За окнами едва забрезжило утро, как затрещал мобильный телефон. Папа вздрогнул и нащупал трубку.
– Слушаю. Да, Михаил Илларионович, понял. Минут через пятнадцать-двадцать, – говорил папа.
Мама приподняла голову, не размыкая век.
– Звонил капитан, назначил встречу. Спи, – объяснил папа.
И мама послушно уронила голову в подушку.
Он поцеловал ее в макушку. Потом оделся. Сварил кофе. Позавтракал. Он терялся в догадках.

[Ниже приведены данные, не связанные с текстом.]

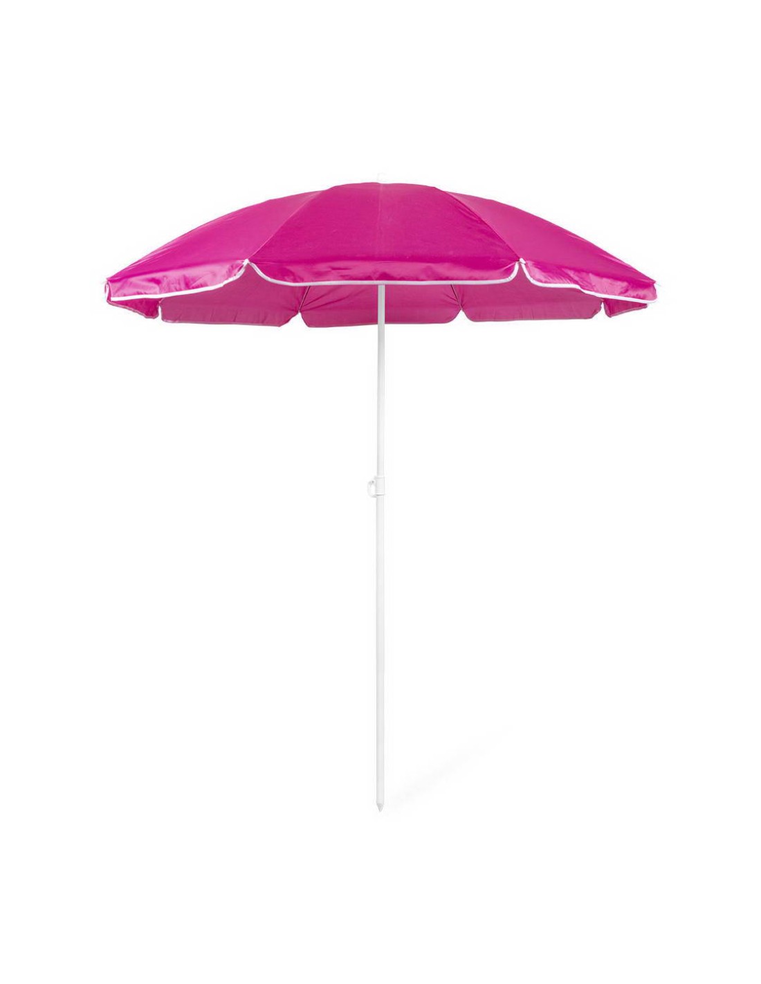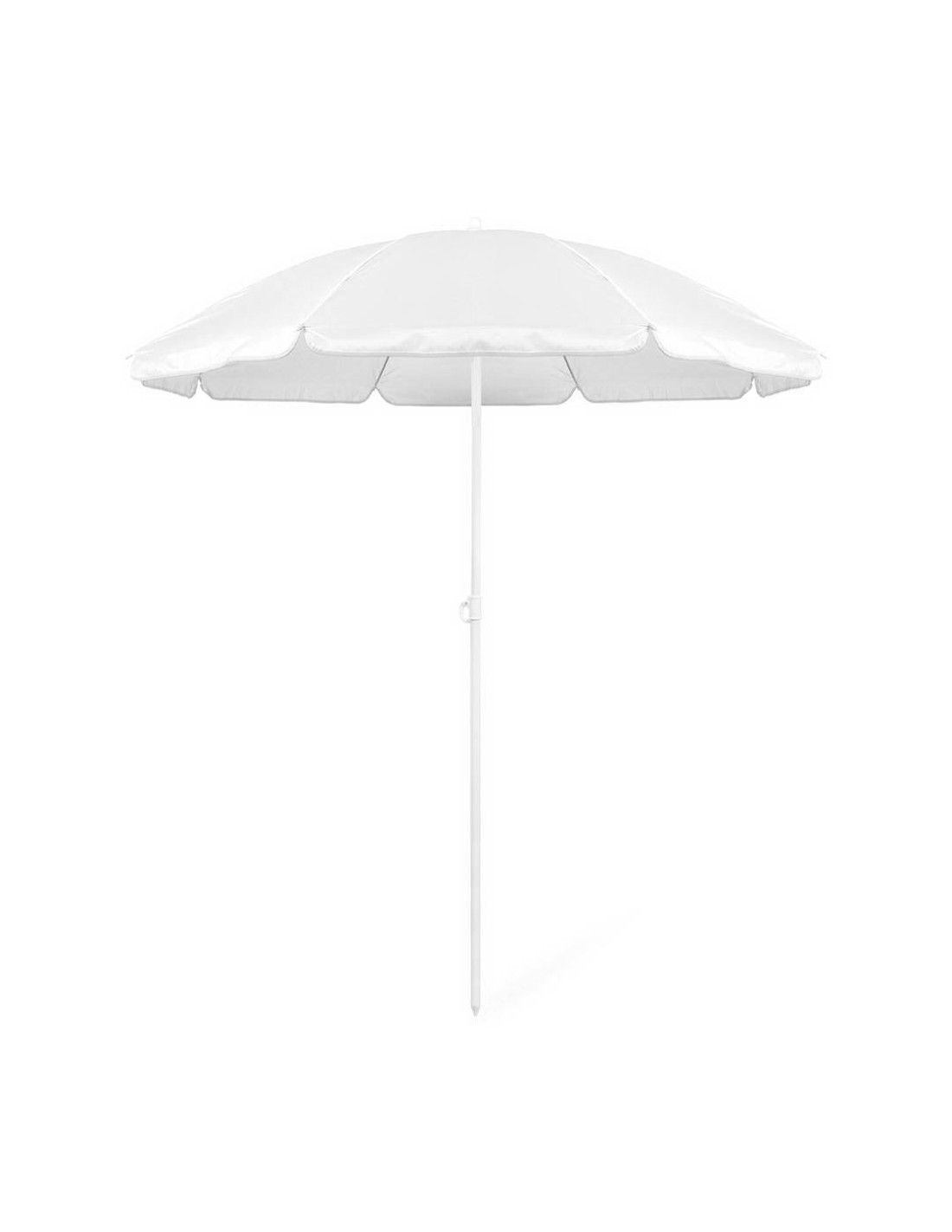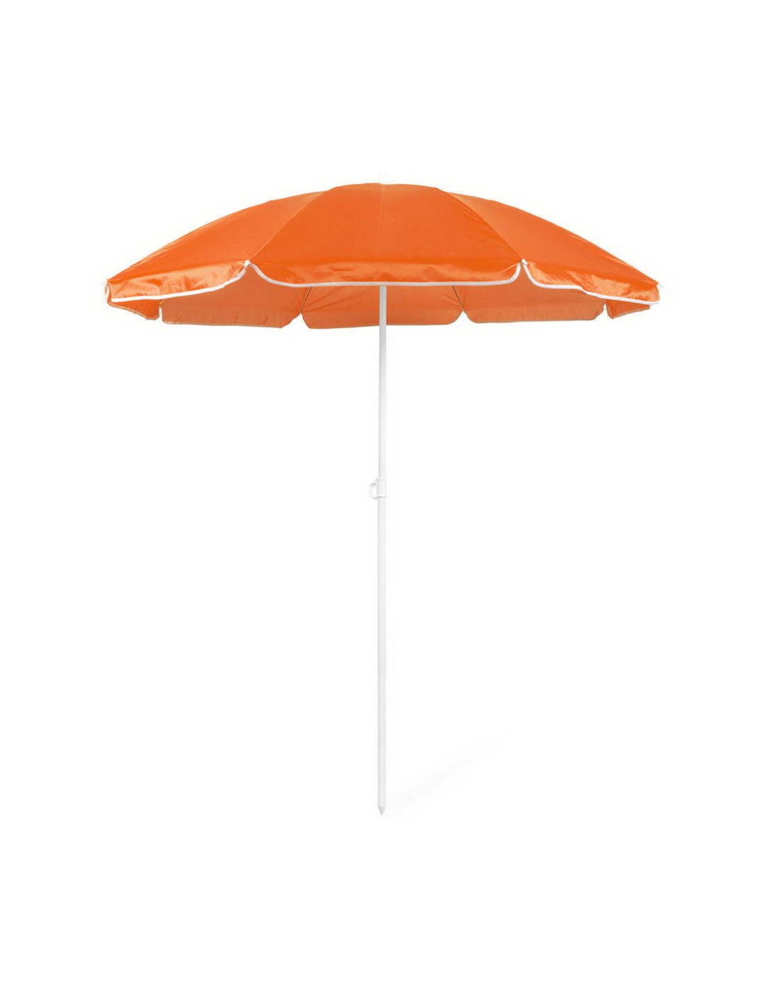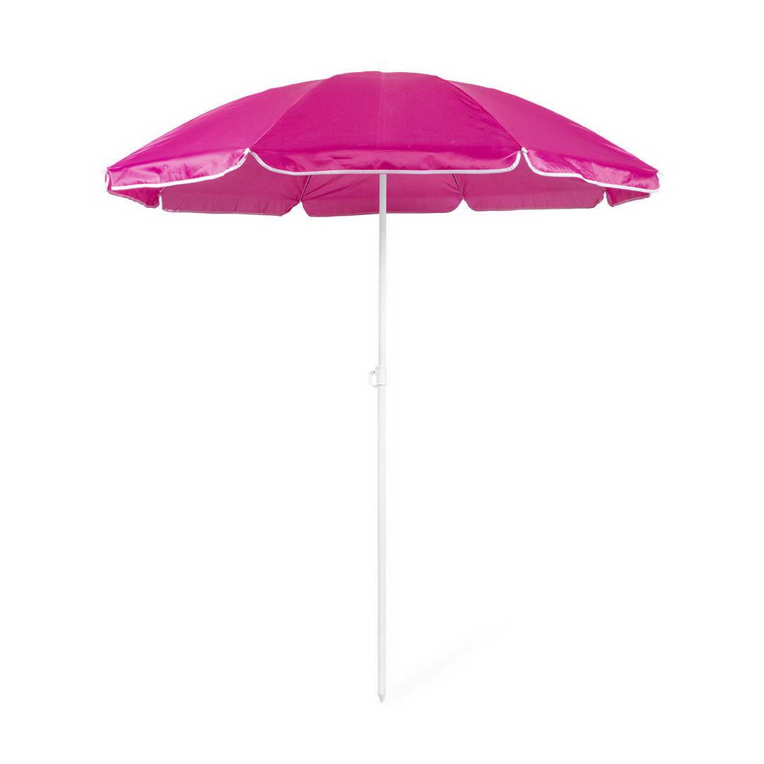 Sombrilla de playa de 8 paneles de resistente nylon en variada gama de vivos colores. De 150cm de diámetro, con faldones laterales ribeteados, tubos metalizados en color blanco y ajustable en altura. Presentada en funda de PVC con cinta de transporte para hombro.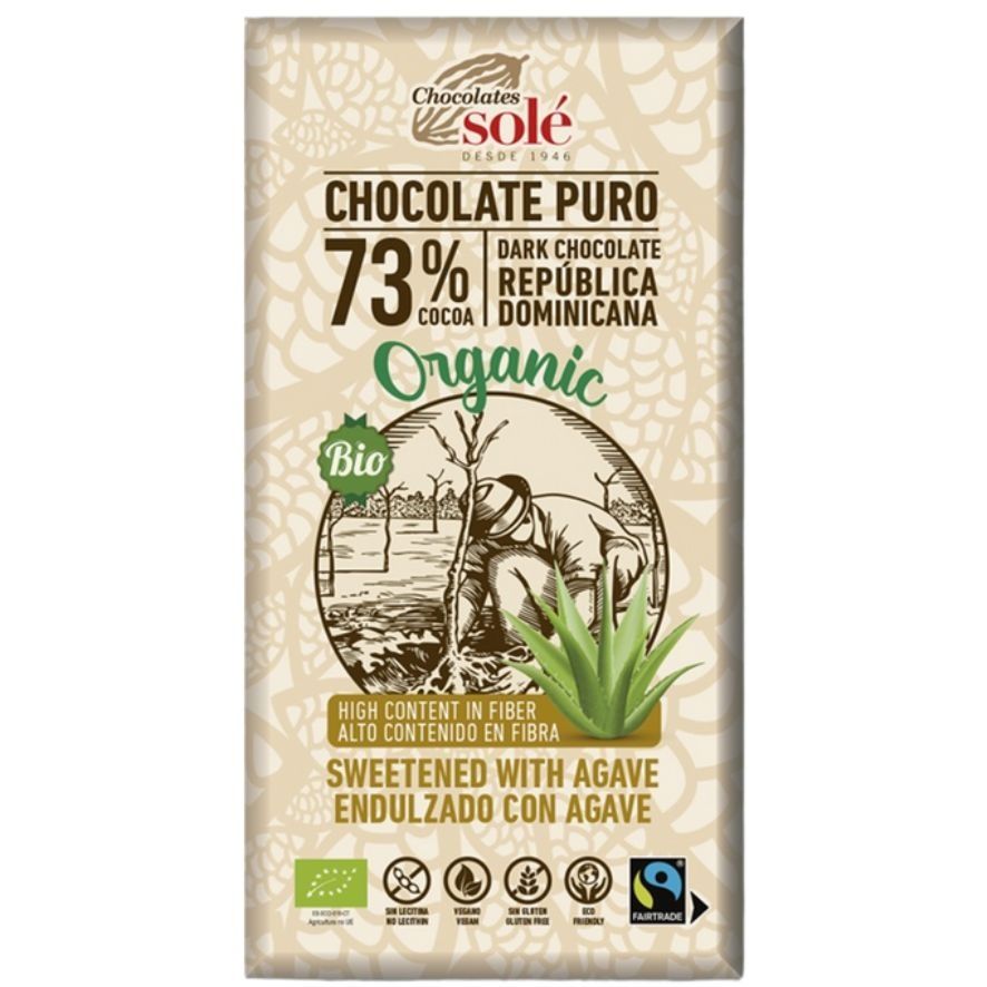 Dark Chocolate 73 with Agave Gluten Free Bio 100g Chocolates Sole

На крупном выбритом лице капитана не было ни тревоги, ни беспокойства. Только глаза как-то прицельно сощурились.
– Разрази меня гром, если я хоть что-нибудь понимаю во всем этом, – он показал подбородком на палубу. – Подводными лодками отродясь не командовал!
Это было впечатляющее зрелище!
Мало того, что ограждение и антенны были увешаны водорослями, так еще тут и там валялись, словно раскиданные чьей-то щедрой рукой, обмякшие рыбины, распластанные лапшой кальмары, какие-то рачки, крабы...
– И никакой продовольственной проблемы, – кисло пошутил папа.
– Ты посмотри, все балконы забиты рыбой! – не выдержал Михаил Илларионович. – Давай так, – он в упор посмотрел на папу. – Говори все, что ты думаешь об этом и вообще обо всем, что случилось за эти дни. Говори все! Даже то, что кажется абсурдным.
Папа пожимал плечами, что он мог сказать. Ничего такого... И неожиданно для себя сказал:
– Может, Вовик...
– Что за Вовик?
– Да жилец наш нежданный, – папа улыбнулся и стал рассказывать о Вовике. О его странных словах и фантазиях...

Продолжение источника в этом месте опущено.